The first trimester of pregnancy was about to bend me over and make me its bitch. I lived off of saltine crackers, Life Savers hard candy and luke warm water. Even looking at pictures of food would make me nauseous. Sipping cold water would make me throw up, the smell of scrambled eggs would automatically make me gag, getting out of bed too quickly would make me hurl... I was absolutely miserable. I'm not even talking about the hormonal and emotional roller coaster I was on, I'll save that for another blogpost.
|Fatbaby Hedonist's facial profile|
The blog was the last thing on my mind, I was too busy trying to keep a couple mouthfuls of food down. The more time passed, the harder it's been to get back into writing. I've even tossed around the idea of just letting it go completely, but the reality is I love writing. Writing has always been cathartic for me. So now that the first trimester is over and I can actually eat a meal without projectile vomiting halfway across the room, I've decided to get back into blogging for as long as I can.

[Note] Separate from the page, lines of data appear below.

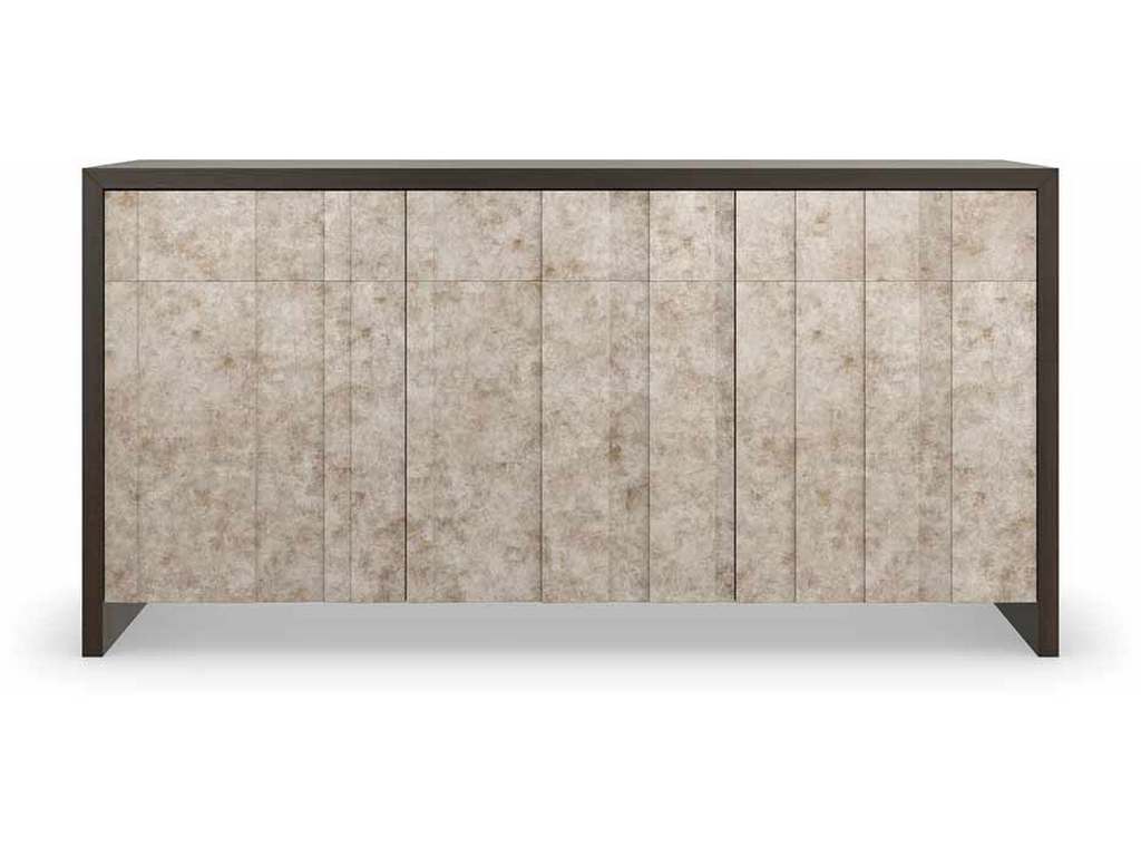 Product Description: Caracole CLA-022-211 Caracole Classic Golden Hour Sideboard - With a warm shimmer reminiscent of mica minerals, this multifaceted sideboard introduces an interplay of light and shadow. Applied by hand, Intricately pieced silverleaf wraps touch-latch doors and drawers of varying dimensions for added depth and reflection. Its Dark Chocolate-painted interior features adjustable shelves behind each door for streamlined storage, intentionally styled to make a statement in any interior.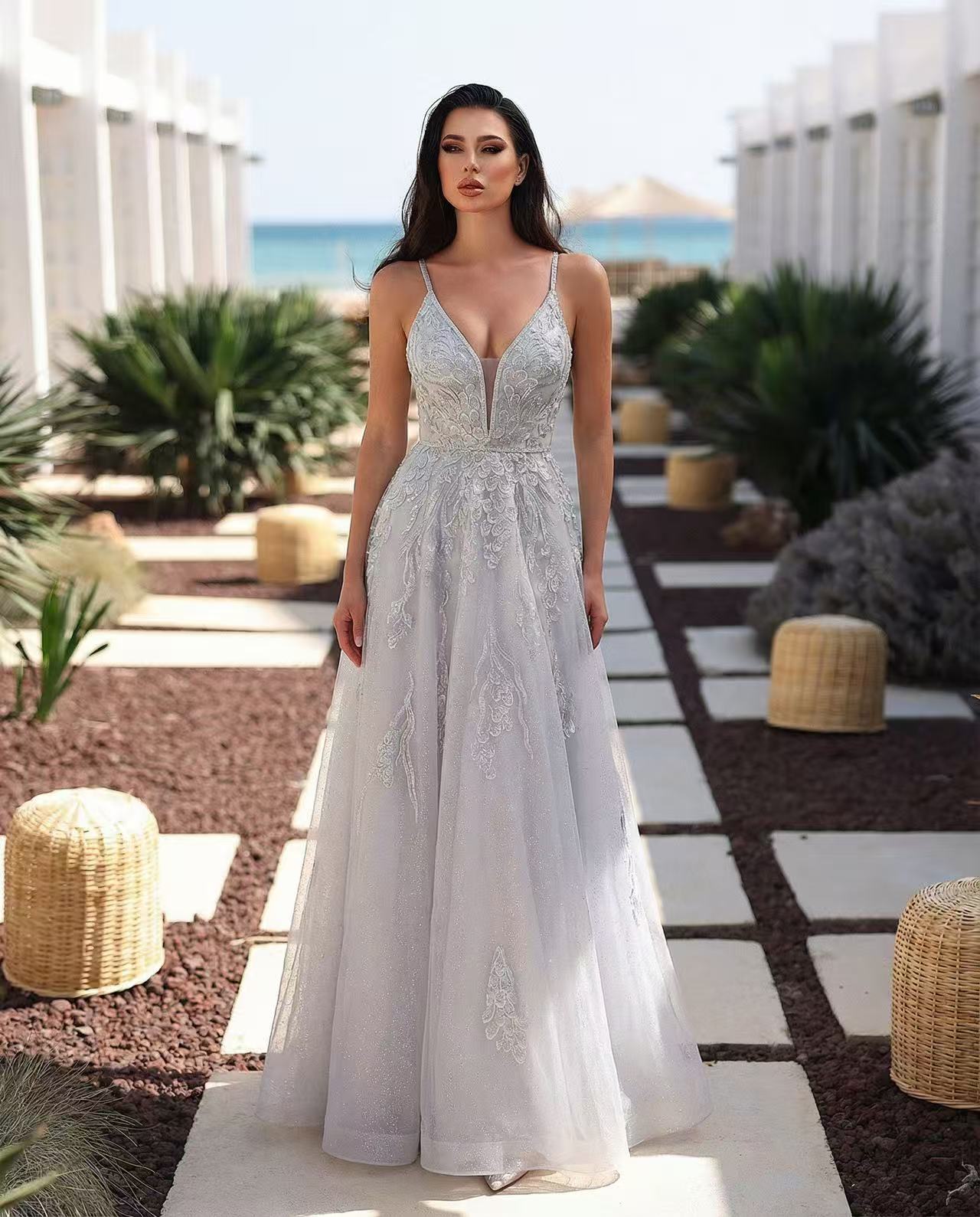 The long train evening gown is so ceremonial! When the skirt drags on the ground, you’ll feel like a princess—perfect for weddings.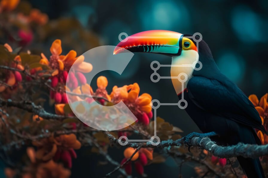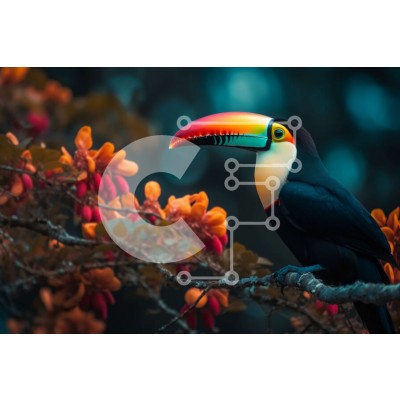Υπάρχει δυνατότητα προσωποποίησης με δική σας φωτογραφία και προσαρμογής διαστάσεων κατόπιν παραγγελίας. Το συγεκεριμενο Puzzle 10x10 cm – 25 κομμ παρουσιαζει Αυτή η εικόνα απεικονίζει ένα πολύχρωμο τουκάν σκαρφαλωμένο σε ένα κλαδί σε ένα καταπράσινο περιβάλλον ζούγκλας. Το τουκάν έχει μεγάλο, πολύχρωμο ράμφος και περιβάλλεται από ζωηρά λουλούδια και φύλλωμα. Ένα μοναδικό Puzzle 10x10 cm – 25 κομ

How long will I be able to keep this up, you're wondering? Who knows. Once I give birth to Fatbaby Hedonist, I don't know if I'll be able to juggle it all. However, I've decided to just write while I can and while I still want to. So you may see that in a few months I won't be posting as often or that I'll abruptly disappear from social media. If (and when) that happens, rest assured that I'm off learning how to be a mother and how to keep a fragile infant alive.